We also suggest that you temper your return expectations and/or reassess your risk appetite. Over the long term while equities have done well, their average returns have been 12% pa. If you have a moderately low return appetite, you would be looking to invest a majority of your portfolio in safer instruments like debt, which will lower your return expectations even more. (Do see the response to the next query to get a perspective).
If you are indeed looking to invest this money for the long term and do not have the need for interim liquidity, you can certainly increase your risk appetite and thus increase the equity allocation in your portfolio. But do understand there will be volatility in the interim, but as long as you stick to your asset allocation and intended time horizon you should be fine. If that is the way you would like to go, we would recommend a portfolio of 70-75% equity funds and the remaining in debt funds.
Within equities, you can consider investing in a mix of Large-cap, Mid-cap, Small-cap and Multi-cap funds, with a sizeable allocation towards Mid-cap and Small Cap Funds, as long as your risk objectives allow you to do so. Small-cap stocks are excellent wealth creators over the long term, but also can be quite volatile in the short term. 2018 is a classic case in point, whereby small cap stocks have fallen quite significantly and so have small cap funds. But if you have a long term horizon, small cap funds can serve you well. You can refer to our rated funds.
If you prefer a lower risk profile, we would urge you to spread your investment over a combination of debt and equity funds, with about 70% going into the debt fund. This will keep your risk profile low and at the same time give you a flavor of investing in the equity markets. In order to tailor your portfolio to your requirements, you could either choose a debt and an equity scheme separately or invest in a conservative balanced fund which will give you the flexibility of investing across both the asset classes. You can find a list of conservative balanced funds here:
My goal is to have Rs 1.3 crore by December 2024. My SIPs in equity funds total Rs 77,500/month.
- Nuthan
With your current monthly SIP amount of Rs 77,500, assuming an equity return of 12%, your corpus would grow to Rs 1.3 crore by Dec 2024. While historically equities have delivered those returns annually over the long term, given the vagaries of the equity markets it is hard to ascertain with what probability you will be able to achieve these returns over the next 6-7 years. For this it would be prudent to build in a buffer into your portfolio of 20%. You can do this by increasing your SIP amounts by 5-10% each year. This will help you achieve your Dec 2024 goal with a fair degree of confidence.
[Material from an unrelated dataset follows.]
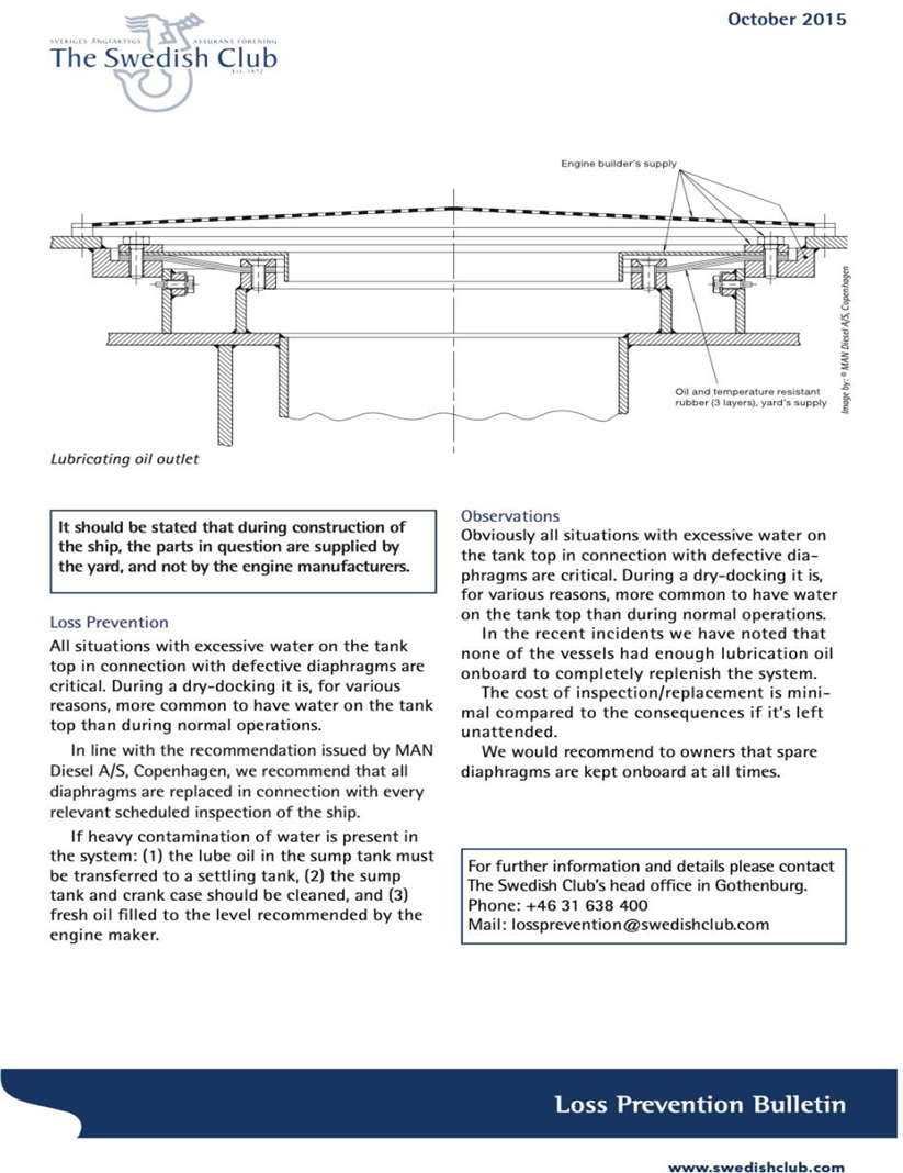 The Swedish Club. (October 2015). Main Engine Lubricating Oil Outlet diaphragm. Retrieved from https://www.swedishclub.com/uploads/2023/12/Defective-Maine-Engine-diaphragm_The-Swedish-Club.pdf

I am very new to investing. A basic question I have is, whether disciplined investing into a mutual fund (one fund) every month on a fixed date any different from a SIP in the same fund. Is there any benefit in making it a SIP?
- Sebastian
A disciplined investment into a mutual fund every month on a fixed date would be same as doing a SIP in that fund, if the amount of regular investment remains constant. However, in most cases, it has been observed that if this regular investment is left to the investor, then behavioral bias comes into play. On the day of investment, the investor may want to increase/reduce the investment amount or worry about market conditions or think of postponing the investment or may simply not have time to do it. All of this can incrementally impact investor’s long-term investment plans, and consequently investment goals. Investing through the SIP route takes care of all these predicaments and helps ensure that the investor stays on the planned path.
Also read: Is there a right date for SIP?
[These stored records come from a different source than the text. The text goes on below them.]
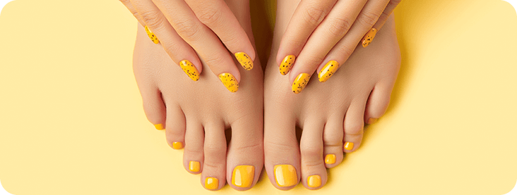 Soak, nails trimming and shaping, cuticle grooming,lotion, massage & polish.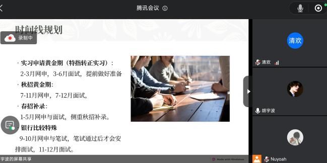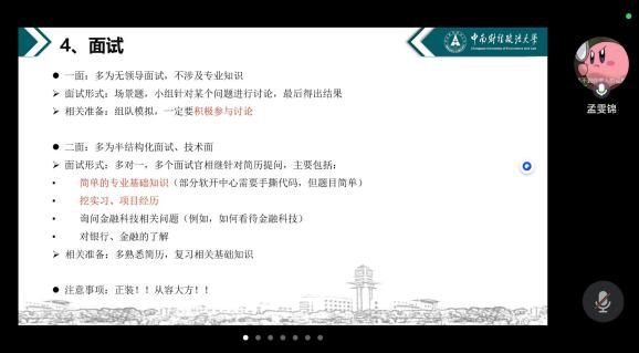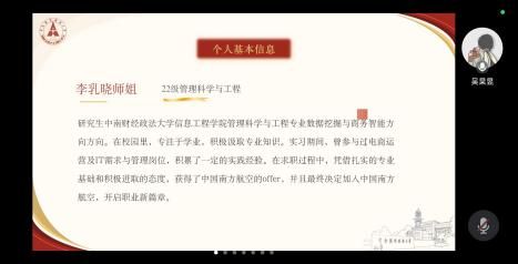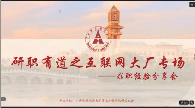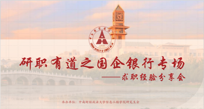 6月23日,开展“研职有道”活动“国企+银行”专场,四位分享嘉宾未来去向分别为中国银行集约运营中心、中国电信解决方案岗、中国南方航空股份有限公司和顺丰科技产品岗。整场分享围绕着国企和银行的求职要点展开,涵盖笔岗位选择、面试准备、目标确定、简历优化等技巧。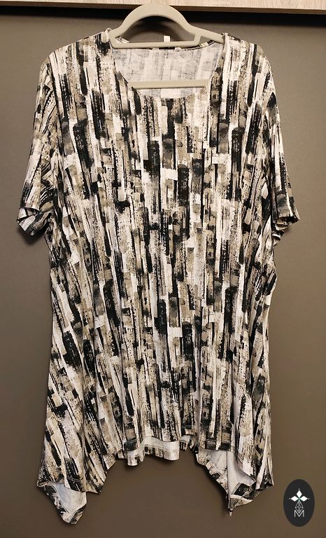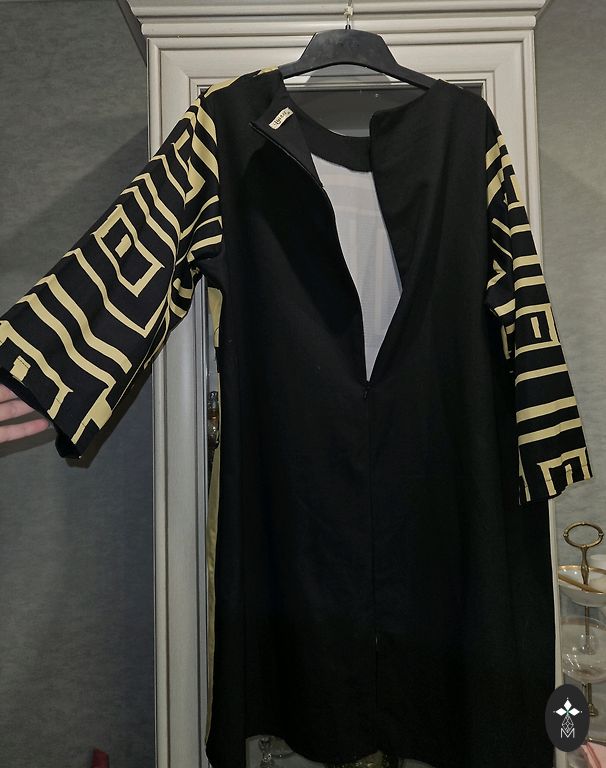 Туника черная с бежевым. Спереди шелковистая ткань, сзади трикотаж.
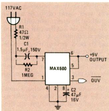 Este circuito para alimentar TTL e mesmo microcontroladores modernos é da revista Radio Electronics de fevereiro de 1987. Ele se baseia num circuito integrado da época.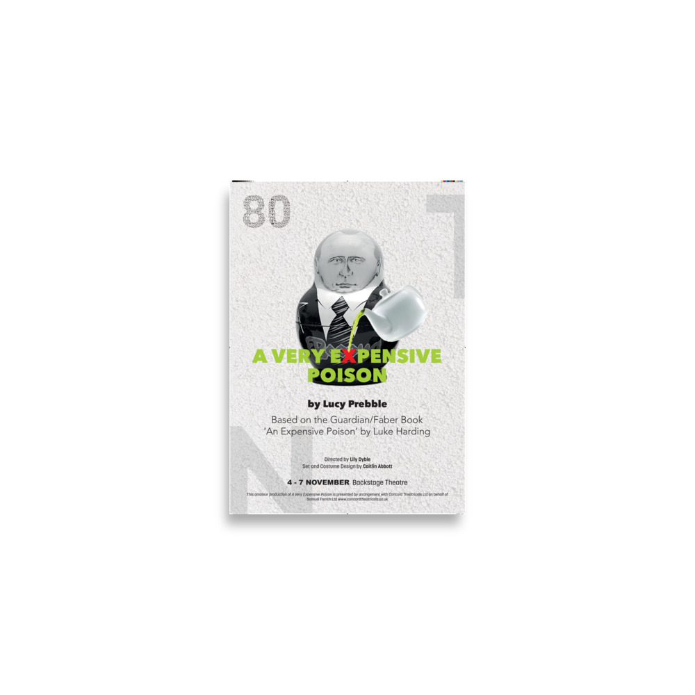A2 poster of Mountview's 2025 production of 'A Very Expensive Poison'. Museum-quality poster made on thick matte paper.

I am looking at a 15-year timespan. So, which is a better option; investing in an actively managed large-cap fund or a Nifty index fund?
- Tanmay
Historically, many of the actively managed large-cap funds have managed to outperform their respective benchmark (excess returns) over a longer time horizon. However, it is becoming increasingly difficult for fund managers of active funds to deliver the excess returns. As information becomes more transparent (easily available) and pricing efficiency improves, markets move in the direction of becoming more efficient. This reduces the ability of fund managers to outperform the benchmark on a consistent basis. Moreover, the fund management charges (FMC) of index funds are typically less than that of actively managed funds, which helps provide additional returns from index funds.
Having said that, actively managed funds in India still have room to generate excess returns; even compensate for the additional FMC applied. Hence, for the given investment horizon, you can consider having an equity portfolio that is a blend of actively managed funds and index funds, both. Index funds will help in generating returns that are in-line with the broader market, while actively managed funds can try to generate the excess returns.